Others, meanwhile, are paving the way for assembling the sequence fragments generated by next-generation sequence analysis methods. Susan Reslewic of the University of Wisconsin, Madison, discussed the use of optical mapping for haplotype analysis. Her team is collaborating with Michael Waterman at the University of California, Los Angeles, to develop new computational methods to align the DNA fragments generated by optical mapping onto a reference genome for further analysis.

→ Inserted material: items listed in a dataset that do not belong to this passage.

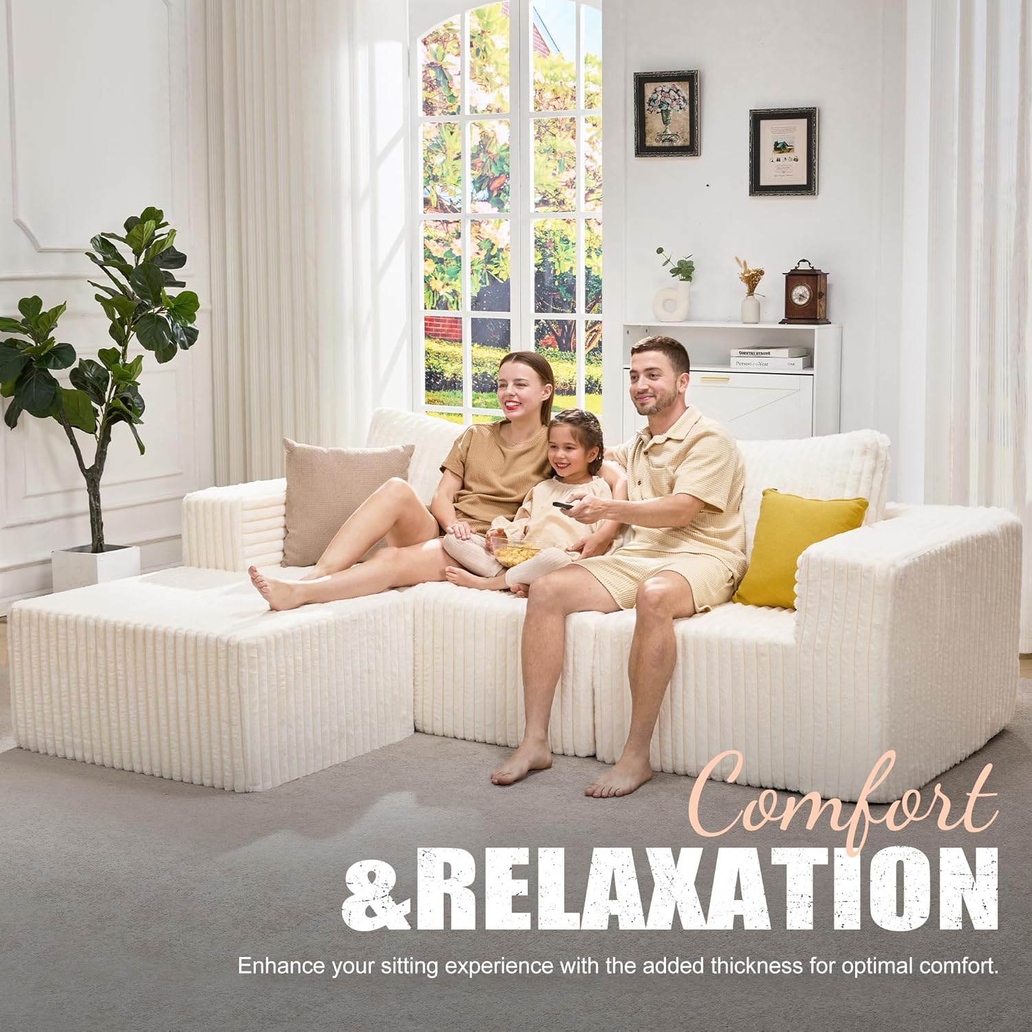 Hobestluk Modular Sectional Sofa Memory Foam Couch Oversized Sectional Sofa 3-Seater with Chaise Cloud Couch with Removable Cover L Shape Sofa for Living Room (Strip White, 3-Seater with Chaise)
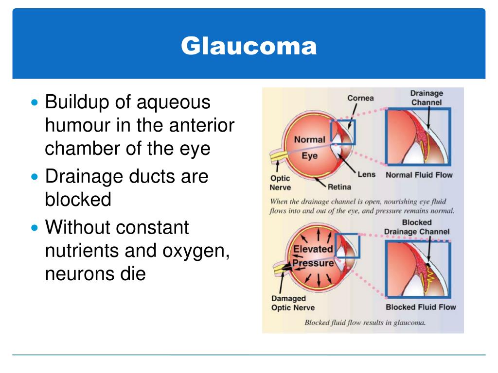 Glaucoma • Buildup of aqueous humour in the anterior chamber of the eye • Drainage ducts are blocked • Without constant nutrients and oxygen, neurons die
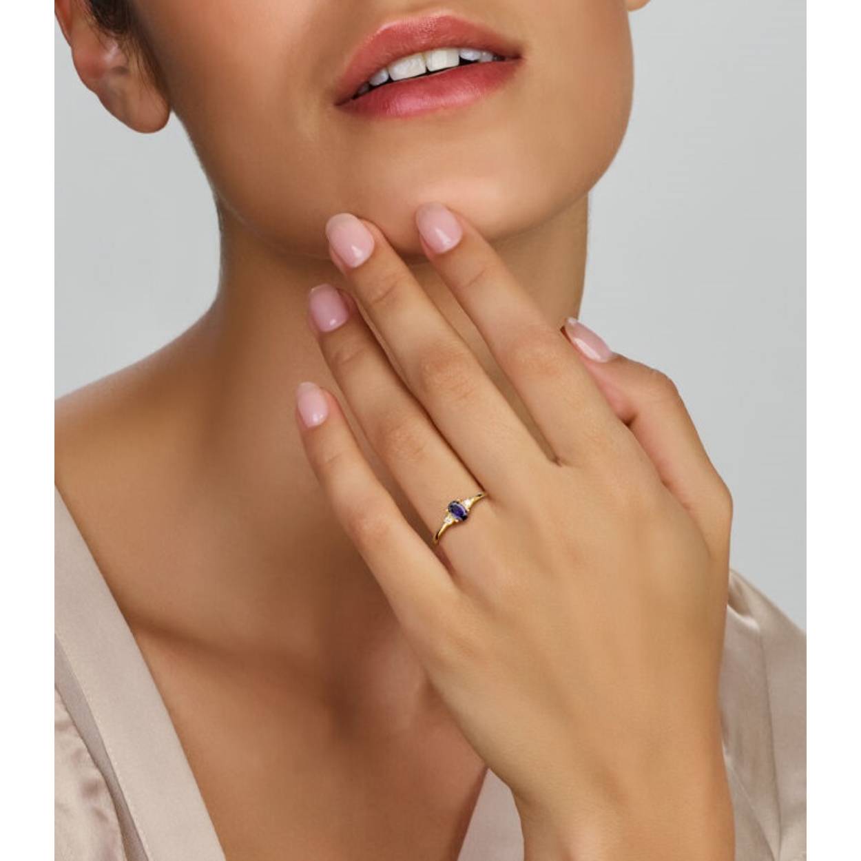 14k Geelgouden ring uitgevoerd met synthetische saffier en zirkonia. De ring heeft een breedte van 6mm.

Christian Haudenschild of Lynx Therapeutics discussed another approach to genome sequencing. Although the company’s MPSS (Massively Parallel Signature Sequencing) technology has largely been used for gene-expression analysis, Haudenschild said that the company, soon to merge with Solexa, wants to start applying it to genome sequencing.
Lynx is developing a new version of MPSS in which DNA is cloned directly on glass slides rather than beads, which will increase the throughput of the approach by a factor of 10. Lynx has begun to develop methods for assembling the very short reads of around 20-25 base pairs that MPSS generates. The problem, Haudenschild said, is that the assembly process is still very computationally intense.
Lynx is also collaborating with IBM Research to develop statistical methods to eliminate noise from the experimental signal. A joint paper on the method has been accepted to PNAS, and the software — called JuMPSStart — will be freely available from IBM upon publication.